My most recent addition. This rack has a dust cover and also carefully designed so you can lay it on it's side and the tubes are at the correct angle for slants.
2nd Shot at Plating
I had another go at plating the yeasts that turned out mouldy (see above). This time there are no signs of mould. Technique was similar, just more careful and I didn't flame the loop after each quadrant (thanks for the tip Steve). I also took care to hold the petri dish over the flame source. Looks like it paid off. I have since made slants of these just for posterity.
The farm
3 months later I have a reasonable collection - I am now limited by fridge space but I couldn't possibly keep this many in stubbies.
The yeasts include (not all shown here):
- CL-50
- CL-160
- CL-270
- CL-300
- CL-340
- CL-400
- 1272 US Ale II
- 1318 London Ale III
- 3068 Wheat
Given that I am complete newbie at this, clearly it isn't too hard.

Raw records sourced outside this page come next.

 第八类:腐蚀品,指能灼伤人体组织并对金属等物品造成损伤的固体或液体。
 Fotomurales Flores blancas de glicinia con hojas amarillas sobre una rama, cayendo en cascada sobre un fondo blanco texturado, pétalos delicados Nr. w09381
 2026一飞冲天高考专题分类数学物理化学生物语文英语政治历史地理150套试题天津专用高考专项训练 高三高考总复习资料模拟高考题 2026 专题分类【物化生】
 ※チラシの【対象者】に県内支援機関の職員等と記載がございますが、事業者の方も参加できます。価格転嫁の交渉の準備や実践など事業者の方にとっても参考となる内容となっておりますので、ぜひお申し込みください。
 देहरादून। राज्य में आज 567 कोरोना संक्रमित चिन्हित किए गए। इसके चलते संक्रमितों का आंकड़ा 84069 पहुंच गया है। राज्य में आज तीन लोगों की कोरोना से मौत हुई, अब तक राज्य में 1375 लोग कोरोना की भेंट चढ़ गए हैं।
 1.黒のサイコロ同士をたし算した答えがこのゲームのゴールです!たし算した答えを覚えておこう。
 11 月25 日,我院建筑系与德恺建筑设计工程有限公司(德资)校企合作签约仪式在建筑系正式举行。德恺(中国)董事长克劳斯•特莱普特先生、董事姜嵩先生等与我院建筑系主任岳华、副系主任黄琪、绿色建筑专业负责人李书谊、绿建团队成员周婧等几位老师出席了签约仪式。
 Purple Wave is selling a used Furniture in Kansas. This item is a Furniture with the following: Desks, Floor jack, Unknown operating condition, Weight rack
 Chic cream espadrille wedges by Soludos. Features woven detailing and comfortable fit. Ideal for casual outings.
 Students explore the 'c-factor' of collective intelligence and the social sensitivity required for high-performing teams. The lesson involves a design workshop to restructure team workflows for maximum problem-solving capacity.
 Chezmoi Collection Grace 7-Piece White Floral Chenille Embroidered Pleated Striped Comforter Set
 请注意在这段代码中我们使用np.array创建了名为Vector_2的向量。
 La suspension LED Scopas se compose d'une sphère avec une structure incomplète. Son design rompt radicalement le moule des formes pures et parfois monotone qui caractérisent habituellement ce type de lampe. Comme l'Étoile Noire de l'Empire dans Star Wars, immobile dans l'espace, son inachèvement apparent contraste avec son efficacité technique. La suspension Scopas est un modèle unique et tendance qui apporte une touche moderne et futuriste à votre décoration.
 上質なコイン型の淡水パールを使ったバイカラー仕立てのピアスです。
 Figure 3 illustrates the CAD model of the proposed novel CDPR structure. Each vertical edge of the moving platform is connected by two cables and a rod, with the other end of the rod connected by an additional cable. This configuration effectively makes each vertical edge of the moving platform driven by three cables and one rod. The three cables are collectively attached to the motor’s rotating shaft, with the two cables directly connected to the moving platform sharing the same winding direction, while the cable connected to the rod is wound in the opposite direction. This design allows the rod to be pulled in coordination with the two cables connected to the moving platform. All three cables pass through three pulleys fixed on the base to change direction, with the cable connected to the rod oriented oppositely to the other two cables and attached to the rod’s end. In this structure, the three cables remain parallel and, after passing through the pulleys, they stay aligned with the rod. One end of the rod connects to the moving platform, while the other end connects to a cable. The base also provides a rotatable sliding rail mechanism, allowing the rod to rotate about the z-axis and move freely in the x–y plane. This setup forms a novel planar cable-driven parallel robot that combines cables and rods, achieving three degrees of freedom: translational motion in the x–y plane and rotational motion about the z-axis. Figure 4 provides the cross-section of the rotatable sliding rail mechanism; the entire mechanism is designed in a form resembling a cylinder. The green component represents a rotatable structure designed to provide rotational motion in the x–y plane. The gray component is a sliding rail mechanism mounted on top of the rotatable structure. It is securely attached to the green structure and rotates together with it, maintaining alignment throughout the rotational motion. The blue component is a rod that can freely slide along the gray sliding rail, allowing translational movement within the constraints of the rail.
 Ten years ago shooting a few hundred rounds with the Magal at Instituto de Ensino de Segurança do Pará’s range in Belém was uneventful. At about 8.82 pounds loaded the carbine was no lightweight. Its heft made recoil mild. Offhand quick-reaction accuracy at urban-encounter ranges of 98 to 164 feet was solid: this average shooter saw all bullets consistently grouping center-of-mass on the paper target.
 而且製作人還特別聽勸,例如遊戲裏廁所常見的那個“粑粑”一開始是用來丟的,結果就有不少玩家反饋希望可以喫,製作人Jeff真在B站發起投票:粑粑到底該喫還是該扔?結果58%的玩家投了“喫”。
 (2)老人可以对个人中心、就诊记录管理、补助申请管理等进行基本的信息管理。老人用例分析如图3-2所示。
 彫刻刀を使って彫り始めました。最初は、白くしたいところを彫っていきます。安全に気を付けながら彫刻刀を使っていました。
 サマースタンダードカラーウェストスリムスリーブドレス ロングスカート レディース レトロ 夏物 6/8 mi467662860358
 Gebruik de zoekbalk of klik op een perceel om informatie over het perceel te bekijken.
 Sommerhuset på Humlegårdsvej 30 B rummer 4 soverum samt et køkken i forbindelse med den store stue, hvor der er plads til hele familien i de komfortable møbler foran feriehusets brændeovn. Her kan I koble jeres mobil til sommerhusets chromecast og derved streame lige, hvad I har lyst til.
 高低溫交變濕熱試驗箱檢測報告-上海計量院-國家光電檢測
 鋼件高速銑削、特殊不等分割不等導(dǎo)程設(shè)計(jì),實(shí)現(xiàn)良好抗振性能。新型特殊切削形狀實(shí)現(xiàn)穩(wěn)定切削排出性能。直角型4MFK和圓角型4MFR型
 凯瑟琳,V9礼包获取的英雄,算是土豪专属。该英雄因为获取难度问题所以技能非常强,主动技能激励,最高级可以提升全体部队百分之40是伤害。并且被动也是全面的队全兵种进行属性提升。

And they are still going strong, I have made beers with a few of these now and in combination with the StirPlate and pressure cooker, my starter making is fairly low stress.
Starter Protocol
The method I use to build up an ale starter for my 23 L batches is below. Essentially I step up like so:
- 200 ml wort in 250 ml flask. This might take 48 hours to ferment and since you start with such a small amount of yeast, there may be no krausen evident.
- Tip this into 2 L flask with another 500 ml wort.
- I then top up in one or two more steps to 2 L.
Stuff I use (Equipment)
- Yeast culture.
- DME (about 200 g needed)
- Water.
- Yeast nutrient.
- Scales.
- Measuring cup, scoop, funnel.
- 250 ml erlenmeyer (conical) flask.
- 2 L erlenmeyer flask.
- Pressure Cooker.
- Sealable jars suitable for pressure cooker (I scrounge things like pasta sauce jars).
- Aluminium foil.
- Stir plate.
- One or more stir bars.
- 20 - 25 degree C environment for fermentation.